She looked at him, her eye level barely below his. "So, some of us still come here, to talk to the Queen, hoping that she might be the one."

Charlie? Sam thought, struggling to keep his doubts from his face. Or had the magic slipped them into a parallel universe, where the kingdoms were somehow real, Moondoor – Muindur – and the game was life here?

"Have you seen this symbol?" He held out the parchment to the elf. She looked down at it and back to him, her eyes darkening slightly.

"Yes, it is the mark of the Shadow King," she said, thrusting the parchment back at him, her expression screwing up in distaste.

"My brother and I, uh, we are hunting the evil that plagues this land," he said, hoping it would be enough of an explanation.

"Evil does not come from the orcs, my people say," she said. "But from he that controls them."

"Who controls them?" Sam frowned at her.

"I thought it was rumour, shadows from the past, then I too, saw the vision, in the fire, in the water, in the mists of the river," she told him, lowering her voice as she glanced around them. "A man, I think, he has the visage of a man, robed and hooded, and he holds a tome of magic, using it to control the Sidhe."

Huh, Sam thought. That put a different slant on things. He wasn't sure if that was going to help or not.

He heard boots on the road behind him and turned, seeing Dean running toward him, the panting and stumbling Boltar staggering along in his wake.

"Sam, Charlie's been taken," Dean said, stopping and dragging in a deep breath.

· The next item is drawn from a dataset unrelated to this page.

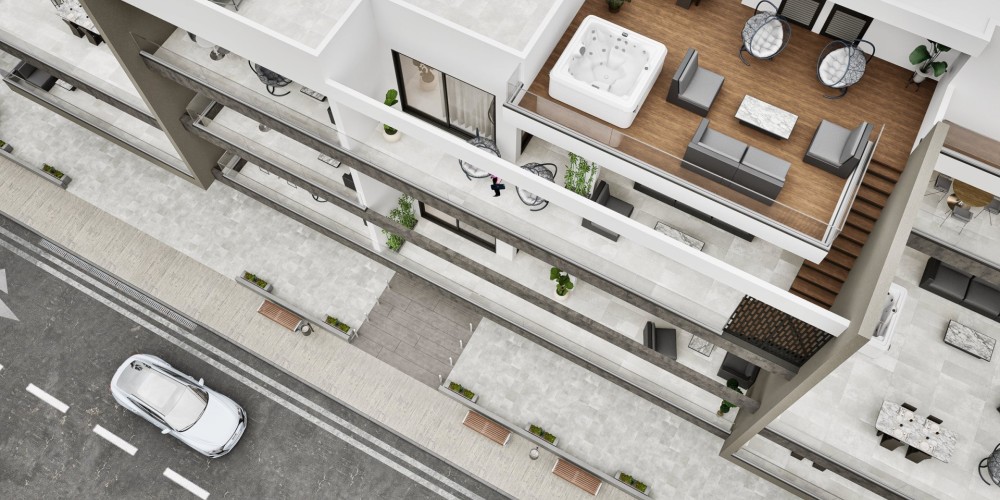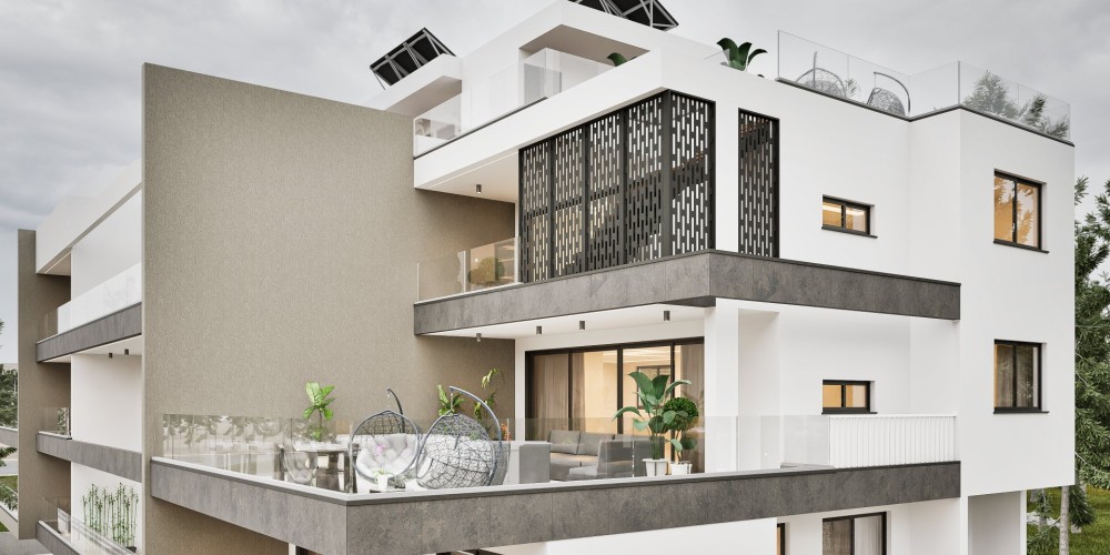 This residential development comprises 14 apartments across two adjacent plots, offering a selection of one and two-bedroom layouts. Each apartment is designed with comfort and functionality in mind, featuring spacious verandas, granite kitchen countertops, and ensuite walk-in showers. Penthouses include roof gardens, while all units come with private storage and covered parking. The development is located in a quiet residential neighborhood, adjacent to green parks, and is only minutes from Metropolis Mall, restaurants, supermarkets, schools, and essential local amenities. Larnaka city center and the beach are just 5 km away, with easy access to the Nicosia and Limassol highways. Provisions are included for air-conditioning and electric vehicle charging, and video intercom systems are installed in every apartment.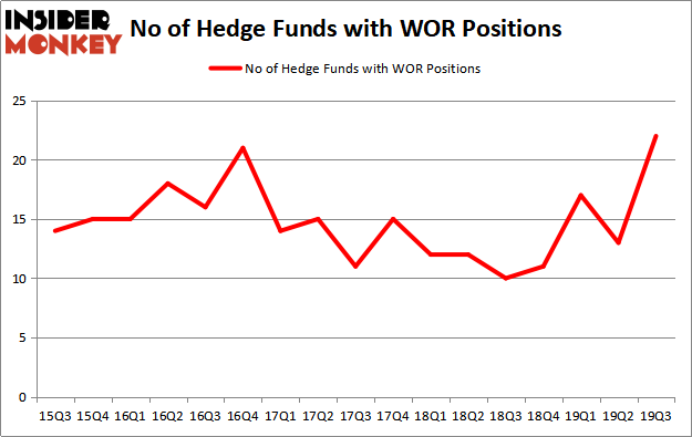 Heading into the fourth quarter of 2019, a total of 22 of the hedge funds tracked by Insider Monkey held long positions in this stock, a change of 69% from one quarter earlier. Below, you can check out the change in hedge fund sentiment towards WOR over the last 17 quarters. With the smart money’s capital changing hands, there exists a select group of noteworthy hedge fund managers who were increasing their holdings meaningfully (or already accumulated large positions).

Sam turned back to the elf but she had gone, not even the softest footfall audible.

"In the forest?" He looked back at his brother. Dean nodded as Boltar came up to them.

"The orcs, in the forest, all real now."

"Everything's real now," Sam said, gesturing around the authentic and undeniably solid village. "We'll check Charlie's digs, to make sure she didn't get back on her own."

"We need better armour, and more weapons," Dean agreed, following Sam up the road. "What the hell happened?"

"Hard to say," Sam said pensively. "Someone here is controlling a faery, with a spell. The faery either transformed our world into a fantasy LARPers game, or shifted this whole game into a parallel universe where everything is real. I just talked to an elf who had the whole history down pat."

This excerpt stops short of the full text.